Satmex Emerges from U.S. Bankruptcy Case and Condition to Convenio Concursal Satisfied
MEXICO CITY, Dec. 1 /PRNewswire/ -- In fewer than four months after
commencing its pre-negotiated U.S. bankruptcy, Satelites Mexicanos, S.A. de
C.V. ("Satmex" or the "Company"), Mexico's leading satellite service
provider, today announced that on November 30, 2006 it officially concluded
its reorganization efforts and emerged from its U.S. bankruptcy case. The
Company consummated its U.S. chapter 11 plan of reorganization, which was
confirmed by the United States Bankruptcy Court for the Southern District
of New York by order dated October 26, 2006, and implemented the
restructuring approved in Satmex's Mexican Concurso Mercantil proceeding by
the Concurso Plan Order issued on July 14, 2006.
Reorganized Capital Structure
In accordance with the terms of the restructuring, the holders of
Satmex's former U.S. $203.4 million of Floating Rate Notes received, in
full satisfaction of the obligations due under such notes, new First
Priority Senior Secured Notes due in 2011 in the amount of approximately
U.S. $238.2 million with a quarterly coupon of LIBOR + 875 basis points.
The new First Priority Senior Secured Notes are callable at a price of 103
in year 1, 102 in year 2, 101 in year 3 and at par (plus accrued interest)
thereafter; have a first priority security interest in all of Satmex's
assets; and benefit from cash sweep prepayments on excess cash balances
over U.S. $5 million. The CUSIP number for the First Priority Senior
Secured Notes is 803895AE1.
Holders of Satmex's former U.S. $320 million of High Yield Bonds
received, in full satisfaction of $140 million of the obligations due under
such bonds, including all accrued interest, new Second Priority Senior
Secured Notes due 2013 in the principal amount of U.S. $140,000,000. The
new Second Priority Senior Secured Notes due 2013 have a quarterly coupon
of 10.125% all-in, with 0.0% cash payment in year 1 with the balance
paid-in-kind, 2.0% cash payment through year five, with the balance
paid-in-kind, with the coupon paid wholly in cash in years 6-7. The Notes
are callable at par throughout their life; have a second lien on Satmex's
assets junior in priority, operation and effect to the security interests
of the First Priority Senior Secured Notes; and after the full payment of
the First Priority Senior Secured Notes, cash sweep prepayment on excess
cash balances over U.S. $5 million. The CUSIP number for the Second
Priority Senior Secured Notes is 803895AF8.

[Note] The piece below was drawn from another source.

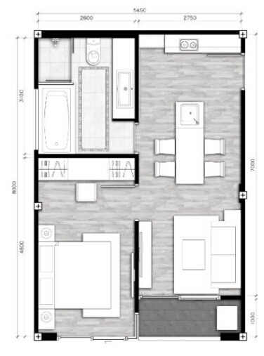 一居室?guī)饺嘶▓@使用面積46.48㎡

Further, holders of the High Yield Bonds received, in exchange for
capitalization of the balance of their claim of approximately U.S. $274
million in principal and unpaid interest, 78 percent of the economic
interest in the equity of Reorganized Satmex and 43 percent of the voting
shares, comprised of 7,166,667 Series B shares and 29,395,833 Series N
shares. The shares have been deposited in a trust and bondholders have been
issued Units representing their interest in the trust based on 1 Unit
issued for each U.S. $1,000 of face amount of the old 10 1/8% Notes due
2004. Each Unit represents a proportional interest in approximately 22.396
Series B shares and 91.862 Series N shares. A Global Trust Certificate
representing the Units has been issued to the Depository Trust Corporation,
and the CUSIP number of the Units is L2399K107.
The remaining economic equity of Reorganized Satmex is held by Satmex's
current shareholders, 2 percent by Principia and Loral, and 20 percent by
the Mexican Government, directly and through Servicios Corporativos
Satelitales, S.A. de C.V. ("Servicios"). The Mexican Government will own
voting shares in Reorganized Satmex representing 10% and the rights to
proceed from shares representing an additional 45%. Reorganized Satmex has
a total of 9,166,667 Series A shares, 7,500,001 Series B Shares, and
30,208,331 Series N shares.
Reorganized Satmex Board of Directors
Reorganized Satmex's Board of Directors consists of Luis Rebollar
Corona, former Chairman and CEO of Grupo Sidek and Grupo Situr, Sergio M.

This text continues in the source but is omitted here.